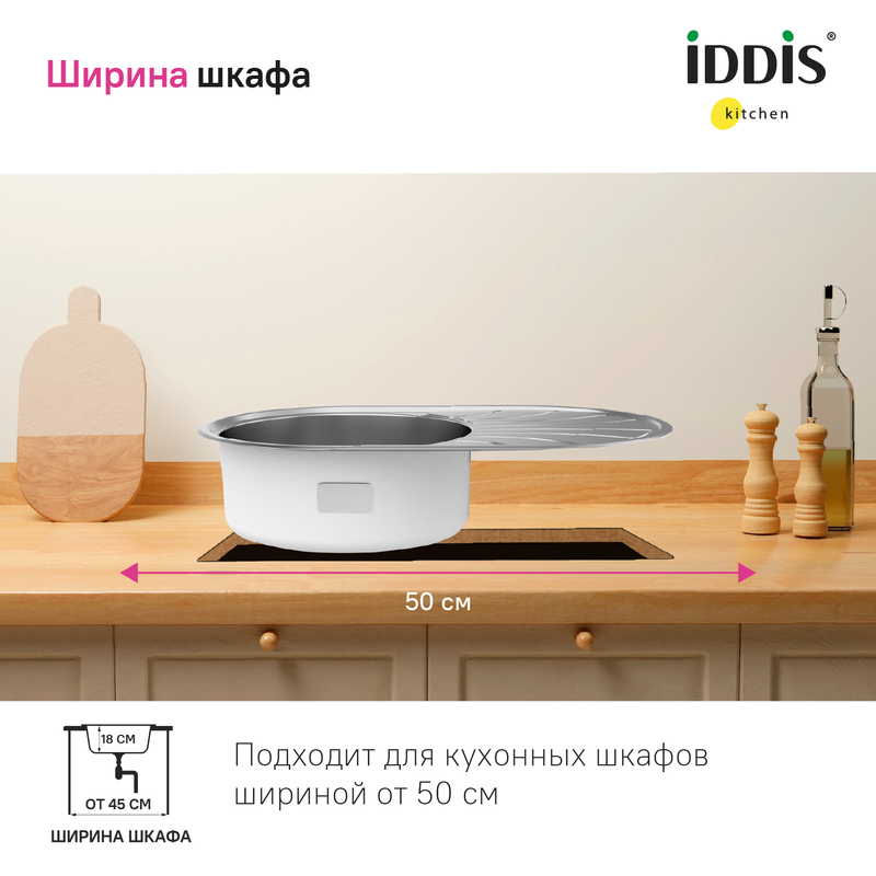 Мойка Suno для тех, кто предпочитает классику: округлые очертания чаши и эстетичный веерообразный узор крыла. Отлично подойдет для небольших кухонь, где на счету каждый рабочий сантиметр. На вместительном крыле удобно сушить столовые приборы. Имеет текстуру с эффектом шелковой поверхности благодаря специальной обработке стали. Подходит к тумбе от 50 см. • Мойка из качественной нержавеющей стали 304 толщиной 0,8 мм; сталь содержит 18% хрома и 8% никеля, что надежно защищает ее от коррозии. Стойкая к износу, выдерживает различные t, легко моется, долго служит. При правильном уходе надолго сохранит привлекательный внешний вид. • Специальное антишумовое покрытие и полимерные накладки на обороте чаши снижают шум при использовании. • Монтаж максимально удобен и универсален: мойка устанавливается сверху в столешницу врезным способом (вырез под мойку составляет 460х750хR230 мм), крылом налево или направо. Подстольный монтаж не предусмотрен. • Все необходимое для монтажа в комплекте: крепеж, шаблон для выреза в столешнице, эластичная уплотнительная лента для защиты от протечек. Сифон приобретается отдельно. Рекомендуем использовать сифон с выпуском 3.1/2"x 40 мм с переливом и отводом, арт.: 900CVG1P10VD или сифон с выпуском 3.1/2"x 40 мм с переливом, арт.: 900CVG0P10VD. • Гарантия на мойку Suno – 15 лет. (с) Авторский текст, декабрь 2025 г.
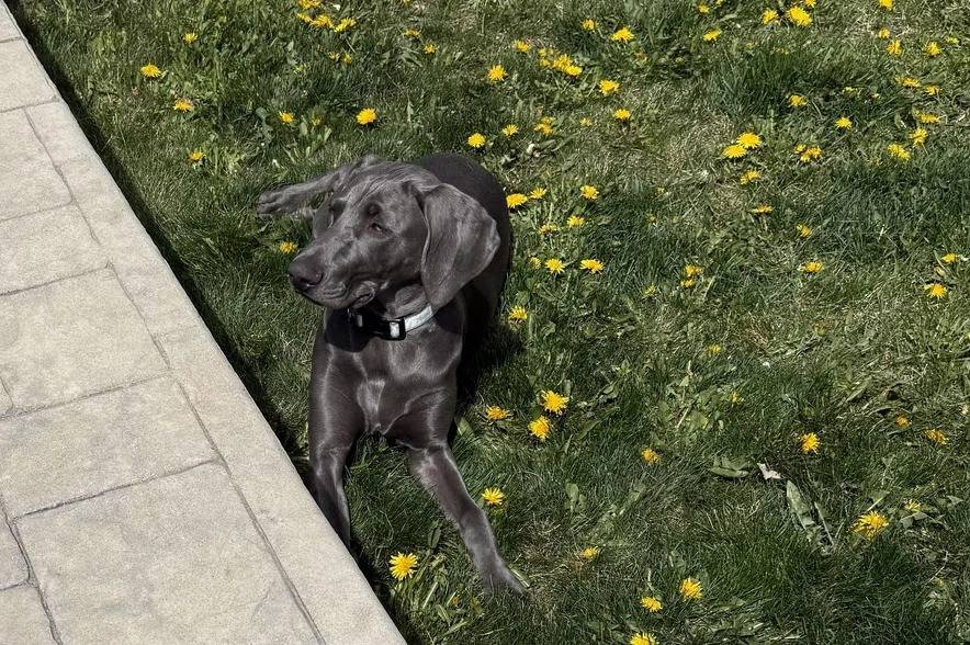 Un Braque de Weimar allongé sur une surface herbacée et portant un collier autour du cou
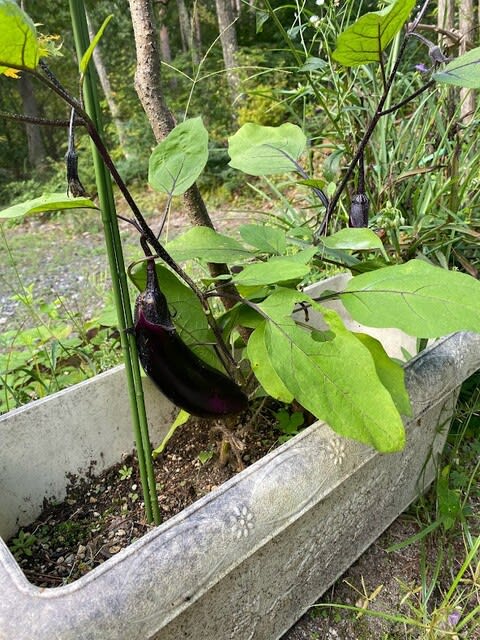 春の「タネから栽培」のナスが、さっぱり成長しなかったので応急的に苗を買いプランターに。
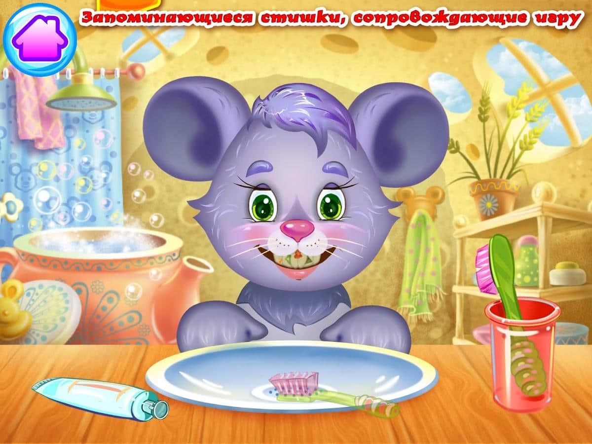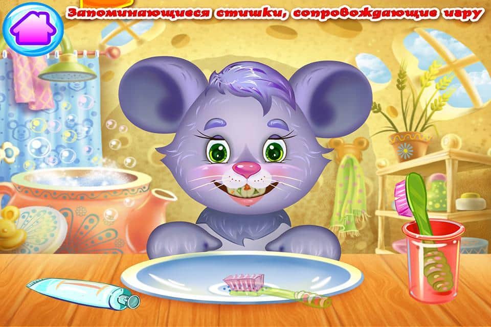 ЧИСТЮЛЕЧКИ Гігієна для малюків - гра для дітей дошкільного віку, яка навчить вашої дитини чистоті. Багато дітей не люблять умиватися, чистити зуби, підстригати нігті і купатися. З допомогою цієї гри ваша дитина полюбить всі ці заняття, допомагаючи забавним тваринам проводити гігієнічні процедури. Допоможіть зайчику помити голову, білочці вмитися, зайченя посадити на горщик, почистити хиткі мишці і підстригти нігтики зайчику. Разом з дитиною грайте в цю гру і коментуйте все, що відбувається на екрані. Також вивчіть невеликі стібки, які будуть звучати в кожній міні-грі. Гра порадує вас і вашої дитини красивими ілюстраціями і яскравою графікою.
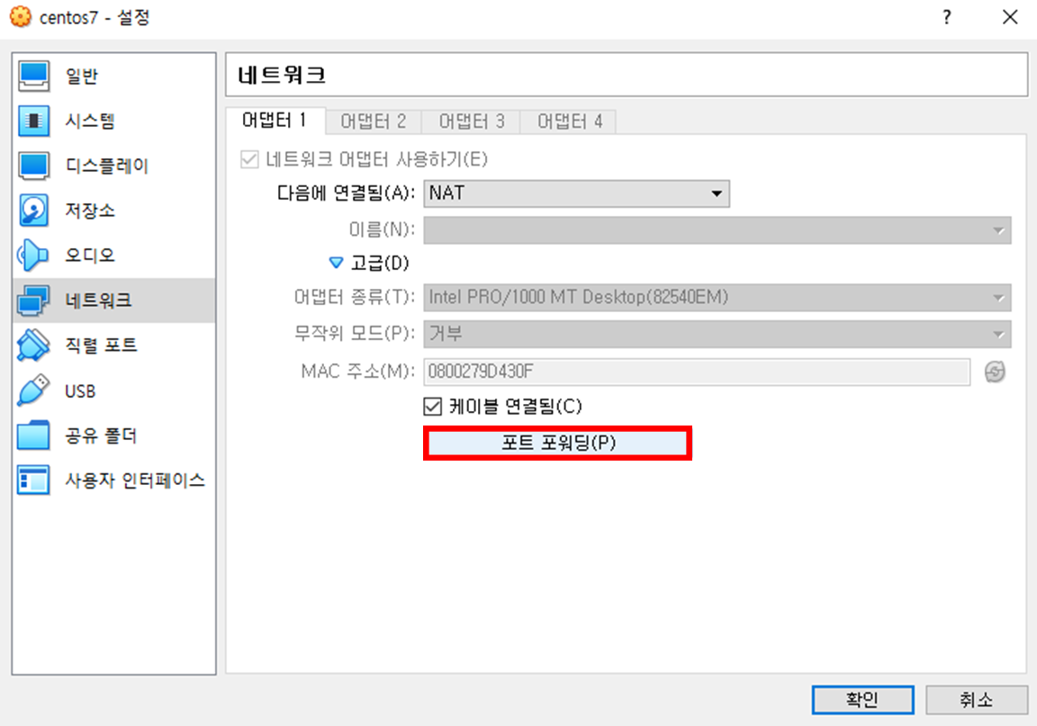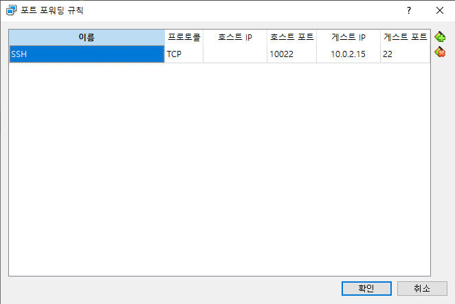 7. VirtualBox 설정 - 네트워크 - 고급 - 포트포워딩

▬▬▬▬▬▬▬▬▬▬

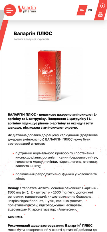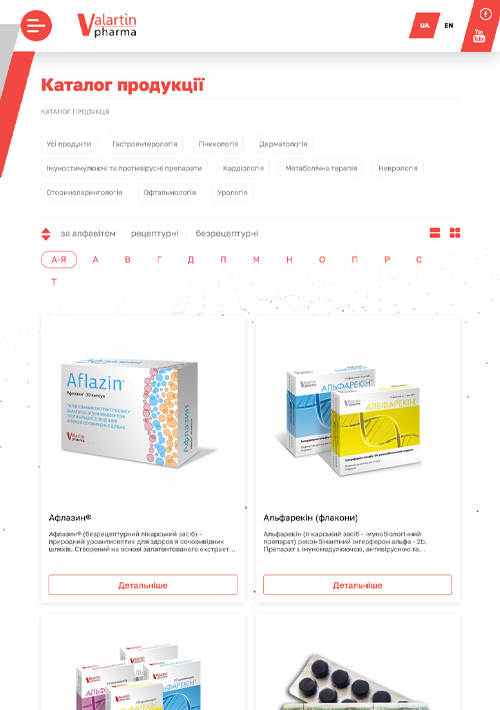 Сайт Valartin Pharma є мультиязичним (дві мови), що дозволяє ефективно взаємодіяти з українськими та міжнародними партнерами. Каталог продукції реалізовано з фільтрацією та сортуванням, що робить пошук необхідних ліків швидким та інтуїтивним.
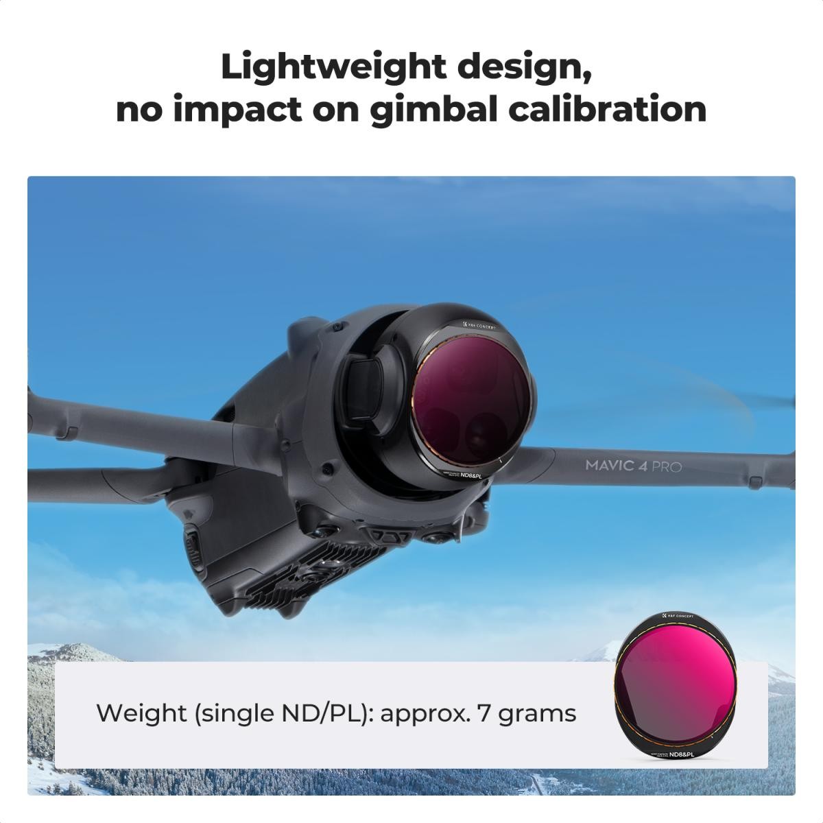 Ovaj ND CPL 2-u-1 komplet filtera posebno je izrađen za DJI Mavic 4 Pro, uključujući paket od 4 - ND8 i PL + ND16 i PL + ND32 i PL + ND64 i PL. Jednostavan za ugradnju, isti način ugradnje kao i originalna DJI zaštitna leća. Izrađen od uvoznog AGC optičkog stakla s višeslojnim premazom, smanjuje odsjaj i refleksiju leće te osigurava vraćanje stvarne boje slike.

▬▬▬▬▬▬▬▬▬▬

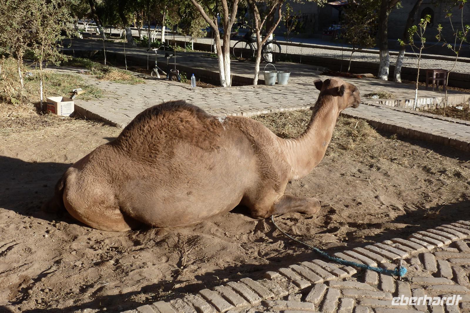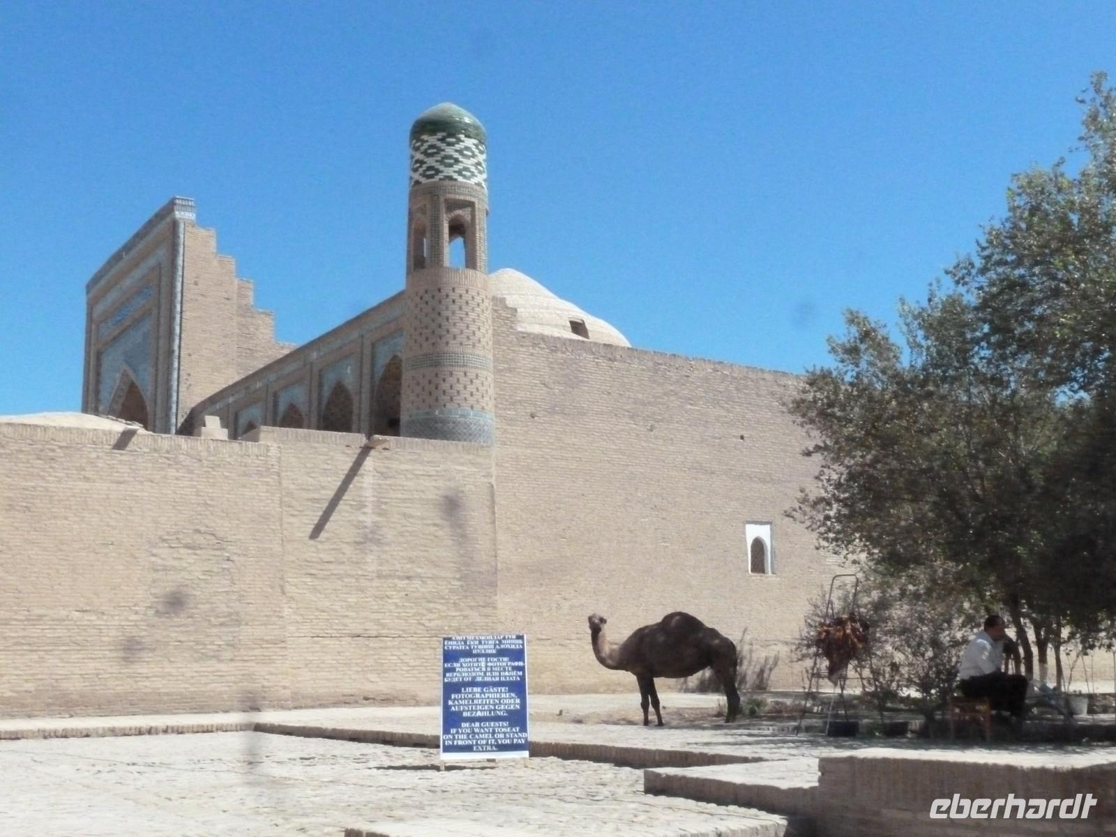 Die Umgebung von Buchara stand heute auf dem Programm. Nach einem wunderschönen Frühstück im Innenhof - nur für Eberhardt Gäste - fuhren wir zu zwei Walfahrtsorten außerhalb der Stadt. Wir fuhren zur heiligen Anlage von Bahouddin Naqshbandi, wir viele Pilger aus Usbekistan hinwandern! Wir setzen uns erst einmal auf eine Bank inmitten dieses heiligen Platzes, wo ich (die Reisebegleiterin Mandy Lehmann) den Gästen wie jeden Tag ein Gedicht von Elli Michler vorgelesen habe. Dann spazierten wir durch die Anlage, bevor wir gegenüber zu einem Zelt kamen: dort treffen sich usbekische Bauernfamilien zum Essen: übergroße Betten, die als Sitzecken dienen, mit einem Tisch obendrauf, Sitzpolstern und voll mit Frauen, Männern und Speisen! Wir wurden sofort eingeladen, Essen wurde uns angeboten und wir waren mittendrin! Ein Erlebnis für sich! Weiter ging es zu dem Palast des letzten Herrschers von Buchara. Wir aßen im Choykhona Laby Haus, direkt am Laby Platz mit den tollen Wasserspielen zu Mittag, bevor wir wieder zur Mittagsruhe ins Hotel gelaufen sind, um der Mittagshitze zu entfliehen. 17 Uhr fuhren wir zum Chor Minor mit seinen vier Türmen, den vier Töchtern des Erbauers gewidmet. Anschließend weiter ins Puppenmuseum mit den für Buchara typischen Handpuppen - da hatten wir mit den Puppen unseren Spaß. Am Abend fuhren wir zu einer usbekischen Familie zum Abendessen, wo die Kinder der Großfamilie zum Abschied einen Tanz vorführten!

▬▬▬▬▬▬▬▬▬▬

Task brief: With the pictures omitted, print the lines above exactly, beginning at the line with "春の「タネから栽培」のナスが" and going on through the line with "7. VirtualBox 설정 - 네트워크 - 고급 - 포트포워딩".

Task output:
 春の「タネから栽培」のナスが、さっぱり成長しなかったので応急的に苗を買いプランターに。
 ЧИСТЮЛЕЧКИ Гігієна для малюків - гра для дітей дошкільного віку, яка навчить вашої дитини чистоті. Багато дітей не люблять умиватися, чистити зуби, підстригати нігті і купатися. З допомогою цієї гри ваша дитина полюбить всі ці заняття, допомагаючи забавним тваринам проводити гігієнічні процедури. Допоможіть зайчику помити голову, білочці вмитися, зайченя посадити на горщик, почистити хиткі мишці і підстригти нігтики зайчику. Разом з дитиною грайте в цю гру і коментуйте все, що відбувається на екрані. Також вивчіть невеликі стібки, які будуть звучати в кожній міні-грі. Гра порадує вас і вашої дитини красивими ілюстраціями і яскравою графікою.
 7. VirtualBox 설정 - 네트워크 - 고급 - 포트포워딩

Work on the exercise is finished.